Here is how they tackled the hard reality of operating distributed systems at scale, and what we can learn from their approach.

The Challenge: When the Abstraction Leaks

If you run a single Kubernetes cluster, you can afford to hand-craft a few things. But RBC Capital Markets operates over 50 clusters spanning on-premises VMware environments and multiple public clouds. In the capital markets sector, this isn't just an operational headache; it's a strict compliance issue. Frameworks like SOX and PCI-DSS don't care about your deployment velocity; they care about auditability and drift prevention.

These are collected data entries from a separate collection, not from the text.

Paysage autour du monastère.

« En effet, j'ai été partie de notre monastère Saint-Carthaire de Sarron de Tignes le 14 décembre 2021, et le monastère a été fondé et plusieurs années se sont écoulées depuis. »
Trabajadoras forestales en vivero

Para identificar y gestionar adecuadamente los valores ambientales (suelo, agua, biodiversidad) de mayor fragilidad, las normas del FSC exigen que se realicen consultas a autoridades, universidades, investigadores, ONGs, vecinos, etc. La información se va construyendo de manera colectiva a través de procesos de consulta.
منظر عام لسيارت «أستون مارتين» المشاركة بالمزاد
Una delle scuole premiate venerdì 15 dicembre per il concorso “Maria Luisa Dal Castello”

The core bottleneck for the platform team wasn't the technology itself—it was the manual, ticket-driven lifecycle of the infrastructure. They identified three massive gaps:

1. Configuration Drift: Virtual machines that had been patched, mutated, and tweaked over time were becoming impossible to reason about. They were 'snowflake' servers.
2. Cluster Provisioning: Spinning up new clusters for trading desks was a multi-day manual exercise.
3. DNS Integration: Every new service endpoint required a manual ticket to the network team to update enterprise DNS.

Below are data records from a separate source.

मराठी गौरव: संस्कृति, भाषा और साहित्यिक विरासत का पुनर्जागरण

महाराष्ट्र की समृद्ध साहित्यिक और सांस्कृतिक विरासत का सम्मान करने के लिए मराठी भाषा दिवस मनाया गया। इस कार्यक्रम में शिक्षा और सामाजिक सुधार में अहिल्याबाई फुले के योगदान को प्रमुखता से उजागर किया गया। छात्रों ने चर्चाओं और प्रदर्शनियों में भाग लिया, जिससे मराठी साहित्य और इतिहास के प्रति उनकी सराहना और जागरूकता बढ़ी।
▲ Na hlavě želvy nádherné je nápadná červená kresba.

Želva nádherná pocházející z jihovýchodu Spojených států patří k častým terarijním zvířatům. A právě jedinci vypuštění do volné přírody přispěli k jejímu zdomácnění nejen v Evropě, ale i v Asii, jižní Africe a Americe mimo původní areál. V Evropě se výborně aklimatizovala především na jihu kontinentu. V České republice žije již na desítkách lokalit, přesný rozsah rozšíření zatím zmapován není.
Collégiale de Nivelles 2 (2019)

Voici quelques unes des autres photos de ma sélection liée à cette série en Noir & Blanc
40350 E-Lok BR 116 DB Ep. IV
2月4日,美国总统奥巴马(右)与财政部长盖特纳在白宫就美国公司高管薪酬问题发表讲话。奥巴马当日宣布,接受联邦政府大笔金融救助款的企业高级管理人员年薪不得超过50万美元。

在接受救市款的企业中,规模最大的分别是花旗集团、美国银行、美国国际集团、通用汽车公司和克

Think of a busy shipping harbor. Kubernetes is the crane system, efficiently moving containers around. But if the concrete docks (your nodes) are crumbling, and the harbor master's ledger (your DNS) takes three days to update via paper mail, the efficiency of your cranes is completely irrelevant.

Under the Hood: Fixing the Plumbing

To solve these problems, the team didn't write a massive, fragile orchestration script. They looked for targeted tools that solved specific underlying problems: Kairos for immutable nodes, k0rdent for cluster lifecycle management, and bindy for DNS.

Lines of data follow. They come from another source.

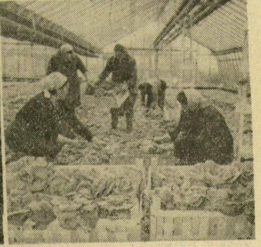
Az üvegház ontja a primórt
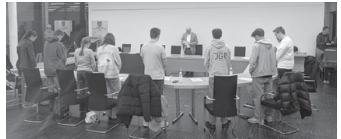
BM Molt verpflichtet die Mitglieder des neuen JGR
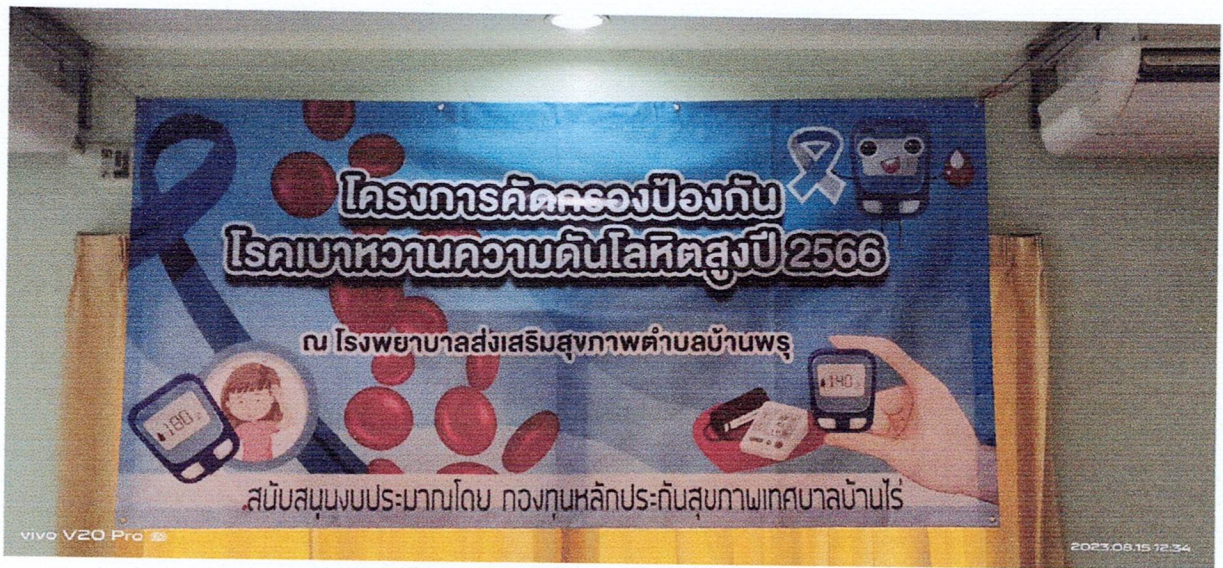
ภาพไว้นิลโครงการฯ
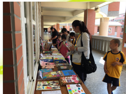
暑假作業暨親子繪本共展
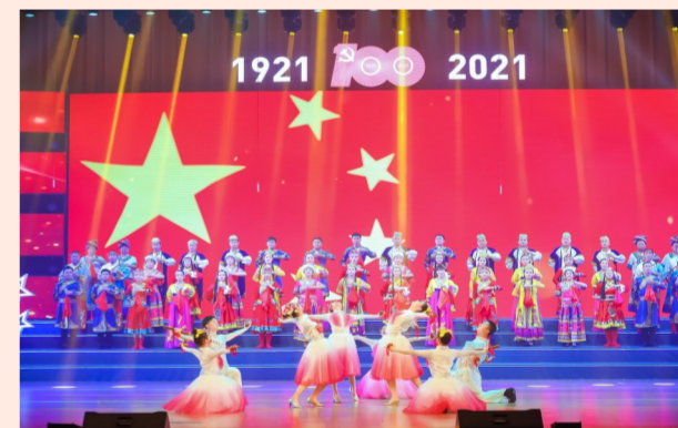
中建西部建设“奋进新时代·开启新征程”主题歌咏晚会上，来自7个省份的1200名员工载歌载舞，庆祝中国共产党成立100周年，热情讴歌伟大新时代。（谢葆兰）
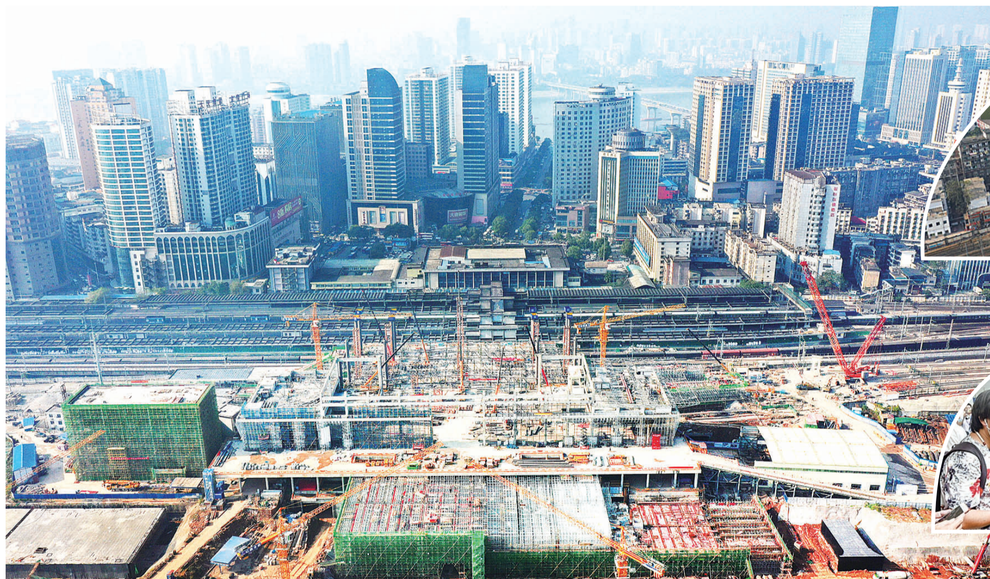
▲2020年12月22日,株洲站改扩建工程建设现场
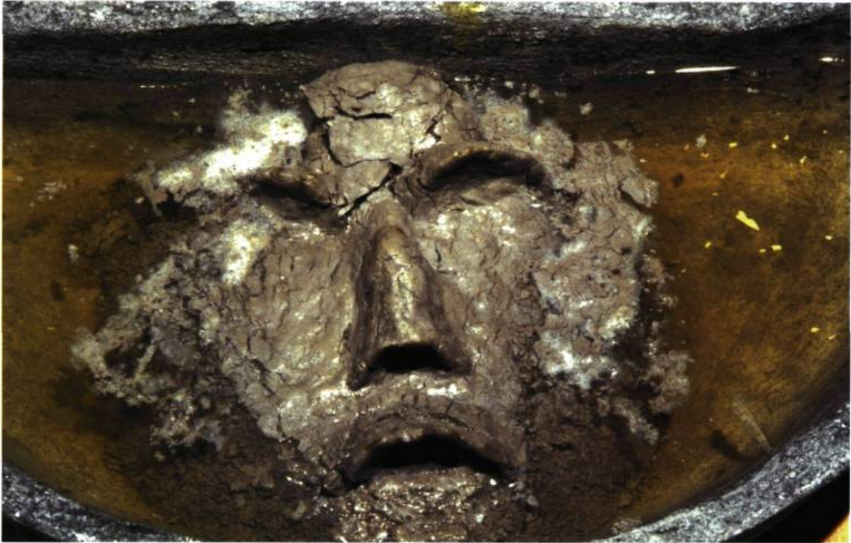
Diane Trépanière, Par ici , 2001 (détail). Installation
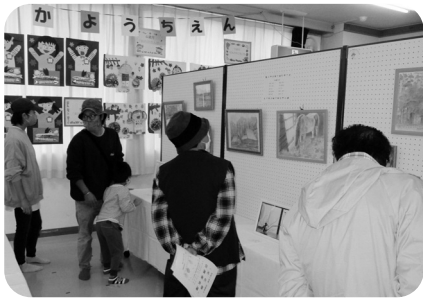
文化祭は240名の来場者でした

今年度は昨年度を上回る大勢の方に来場いただき有難うございました。今後とも皆様のご理解とご協力を宜しくお願い致します。
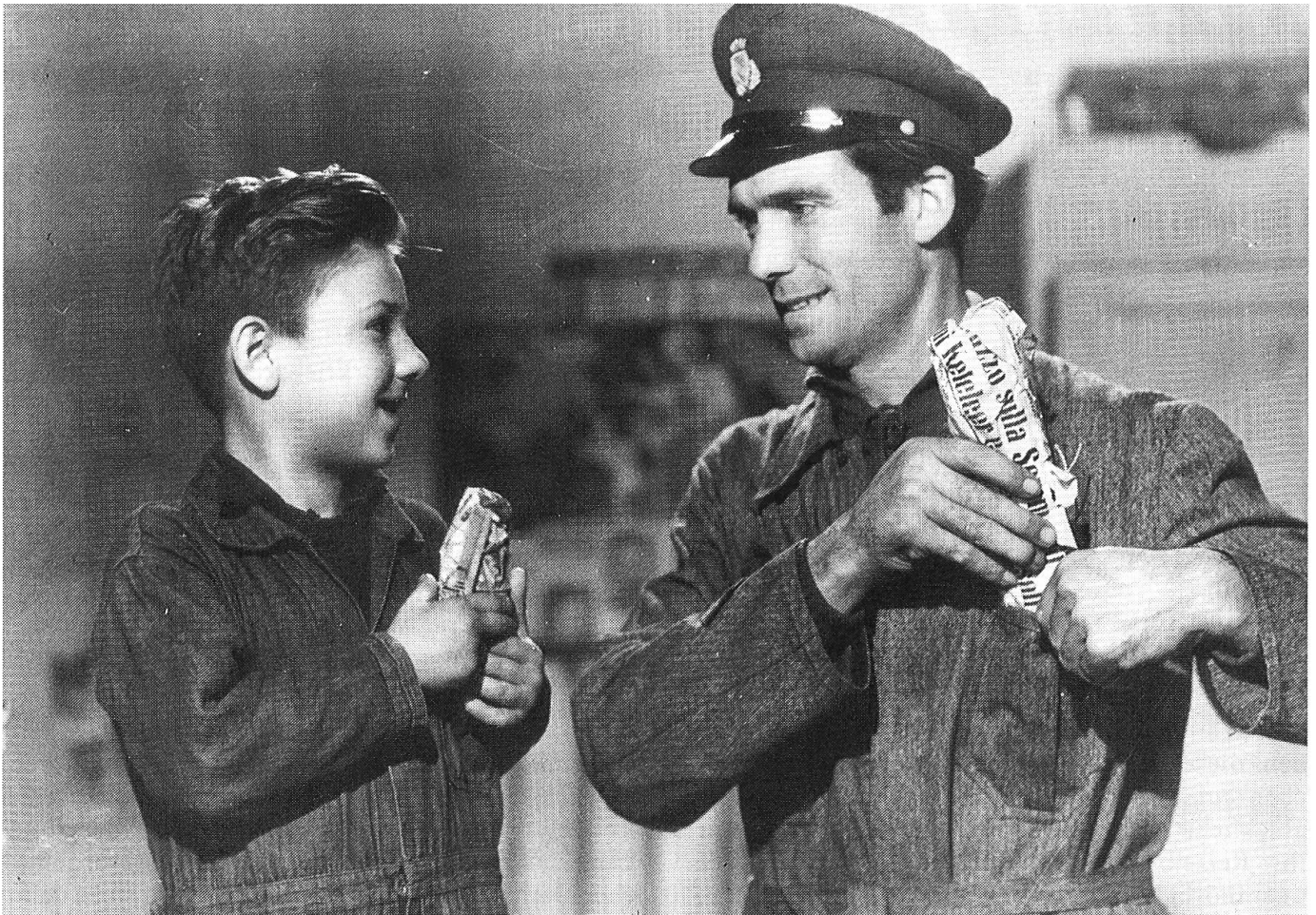
Verknüpft Alltäglichkeiten überzeugend mit Aktuellem: «Ladri di biciclette» von Vittorio De Sica.

teger gebliebener Held. Regisseur De Sica und Drehbuchautor Cesare Zavattini gehen jedoch noch einen Schritt weiter, indem sie Ricci der Versuchung erliegen lassen, Unrecht mit Unrecht zu vergelten. Antonio setzt sich zusammen mit seinem müde gewordenen Sohn an den Strassenrand in der Nähe eines Fussballstadions und erblickt Tausende von abgestellten Fahrrädern. Eine innere Unruhe packt ihn, er schickt Bruno nach Hause, um schliesslich, nach langem Zögern und Ringen mit sich selbst, einen Diebstahl zu begehen. Doch anders als ihm als Bestohlenen das Recht verwehrt blieb, wird er als Täter auf frischer Tat ertappt und sieht sich schweren Demütigungen ausgesetzt, zumal sein Sohn zurückgekehrt ist und die ganze entwürdigende Szene miterleben muss.

Let's break down how these components interact without the marketing fluff.

The End of Snowflake Nodes with Kairos

For years, our industry relied on configuration management tools (like Ansible or Chef) to log into running servers and mutate them into a desired state. But over time, servers drift. A developer manually installs a package to debug an issue and forgets to remove it. A disk fills up.

The pragmatic solution? Stop patching servers. The best code is code you don't write, and the best server patching strategy is not patching servers at all.

This is where immutable infrastructure comes in. RBC adopted Kairos to ensure every node is reproducible and tamper-evident at boot.

The Immutable Node Boot Process Traditional (Mutable) Node Boot from persistent disk Apply configuration scripts (Drift risk) Run workloads on mutated state Immutable Node (Kairos) Boot from verified container image Mount OS as Read-Only Join cluster (Identical state guaranteed)

Under the hood, Kairos allows you to build bootable OS images from standard container images. When a node boots, it pulls this image, verifies its cryptographic signature, and runs it entirely in memory (or as an immutable layer). If a node starts behaving strangely, you don't SSH into it to debug. You kill it and let the cluster provision a fresh one. It's like a restaurant kitchen: if a cutting board gets contaminated, you don't try to scrub it while the chef is chopping vegetables. You throw it in the wash and grab a fresh, identical board.

Cluster Lifecycle Management with k0rdent

Managing one cluster is a task. Managing 50 requires a system. RBC utilized k0rdent to handle the lifecycle of the clusters themselves.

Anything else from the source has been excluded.